• Exercise aim:
Go through the records, and copy each line in which the string "made" is present.

• Exercise inputs:
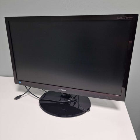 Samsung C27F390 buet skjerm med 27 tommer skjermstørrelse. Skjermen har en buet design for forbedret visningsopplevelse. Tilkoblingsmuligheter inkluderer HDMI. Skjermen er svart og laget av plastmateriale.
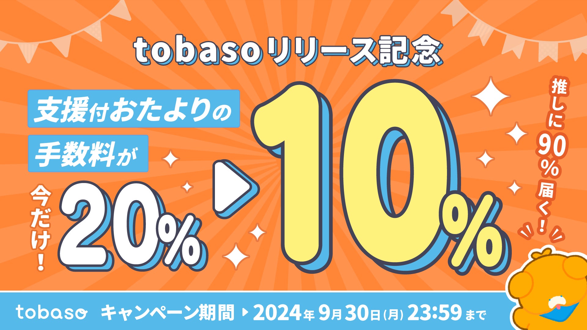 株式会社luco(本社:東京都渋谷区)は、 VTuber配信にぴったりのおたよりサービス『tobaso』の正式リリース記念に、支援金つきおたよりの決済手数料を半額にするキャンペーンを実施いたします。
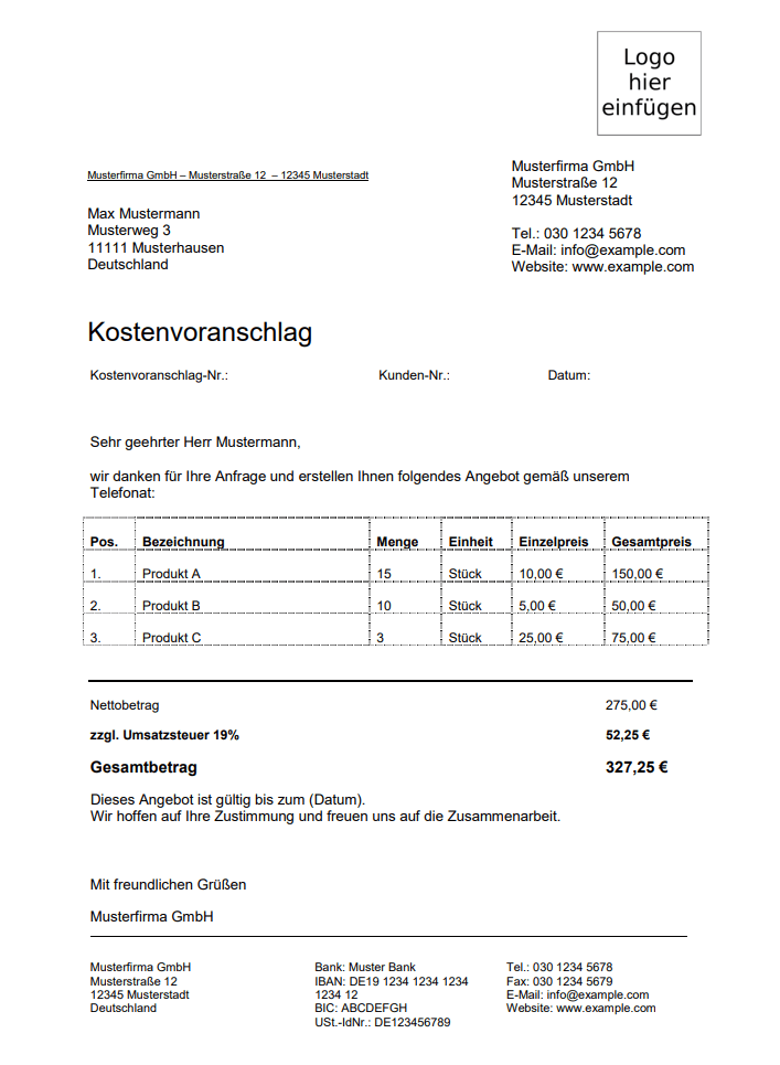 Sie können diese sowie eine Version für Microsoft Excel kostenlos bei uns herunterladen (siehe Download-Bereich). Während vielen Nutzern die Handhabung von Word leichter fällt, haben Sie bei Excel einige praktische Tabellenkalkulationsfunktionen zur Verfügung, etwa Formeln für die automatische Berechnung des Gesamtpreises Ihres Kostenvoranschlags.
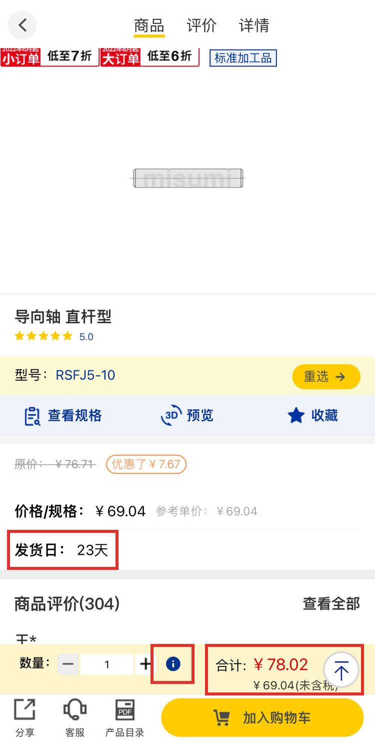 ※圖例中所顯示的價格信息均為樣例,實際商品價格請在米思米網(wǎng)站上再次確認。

--

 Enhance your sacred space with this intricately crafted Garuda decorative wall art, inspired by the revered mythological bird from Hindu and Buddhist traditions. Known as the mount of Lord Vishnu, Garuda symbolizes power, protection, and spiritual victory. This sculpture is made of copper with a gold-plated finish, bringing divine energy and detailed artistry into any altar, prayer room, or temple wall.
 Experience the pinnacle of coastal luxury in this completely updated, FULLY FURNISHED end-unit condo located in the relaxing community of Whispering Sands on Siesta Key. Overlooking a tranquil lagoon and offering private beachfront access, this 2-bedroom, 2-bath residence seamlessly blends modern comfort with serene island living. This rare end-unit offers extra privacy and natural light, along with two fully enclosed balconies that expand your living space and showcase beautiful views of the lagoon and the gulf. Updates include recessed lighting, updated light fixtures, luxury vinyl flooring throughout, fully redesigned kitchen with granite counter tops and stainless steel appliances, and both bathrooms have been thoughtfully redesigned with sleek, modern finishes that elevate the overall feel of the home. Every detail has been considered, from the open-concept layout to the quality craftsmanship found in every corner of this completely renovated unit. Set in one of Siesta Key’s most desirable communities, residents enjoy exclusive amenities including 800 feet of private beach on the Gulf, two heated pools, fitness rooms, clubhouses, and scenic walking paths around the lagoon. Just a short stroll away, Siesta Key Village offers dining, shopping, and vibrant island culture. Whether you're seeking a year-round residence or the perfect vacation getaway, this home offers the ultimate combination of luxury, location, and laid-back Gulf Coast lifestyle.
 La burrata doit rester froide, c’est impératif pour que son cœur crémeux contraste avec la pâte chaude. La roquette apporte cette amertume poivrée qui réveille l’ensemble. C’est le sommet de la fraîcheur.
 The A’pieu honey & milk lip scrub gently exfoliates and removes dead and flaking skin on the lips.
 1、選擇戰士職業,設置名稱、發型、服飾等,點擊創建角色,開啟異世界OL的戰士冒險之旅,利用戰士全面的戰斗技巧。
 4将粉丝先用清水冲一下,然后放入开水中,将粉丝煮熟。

* * *

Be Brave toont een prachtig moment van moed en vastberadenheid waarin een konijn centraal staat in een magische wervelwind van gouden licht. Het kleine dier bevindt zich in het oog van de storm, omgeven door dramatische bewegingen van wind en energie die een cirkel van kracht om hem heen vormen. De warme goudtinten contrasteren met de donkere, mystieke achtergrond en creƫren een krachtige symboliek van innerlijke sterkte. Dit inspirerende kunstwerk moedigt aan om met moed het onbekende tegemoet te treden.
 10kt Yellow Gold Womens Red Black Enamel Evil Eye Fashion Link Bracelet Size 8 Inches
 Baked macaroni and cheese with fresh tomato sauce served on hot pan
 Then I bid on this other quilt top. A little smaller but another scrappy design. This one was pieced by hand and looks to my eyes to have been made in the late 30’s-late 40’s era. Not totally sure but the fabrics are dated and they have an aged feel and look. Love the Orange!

• Result for this task:
 Enhance your sacred space with this intricately crafted Garuda decorative wall art, inspired by the revered mythological bird from Hindu and Buddhist traditions. Known as the mount of Lord Vishnu, Garuda symbolizes power, protection, and spiritual victory. This sculpture is made of copper with a gold-plated finish, bringing divine energy and detailed artistry into any altar, prayer room, or temple wall.
 Then I bid on this other quilt top. A little smaller but another scrappy design. This one was pieced by hand and looks to my eyes to have been made in the late 30’s-late 40’s era. Not totally sure but the fabrics are dated and they have an aged feel and look. Love the Orange!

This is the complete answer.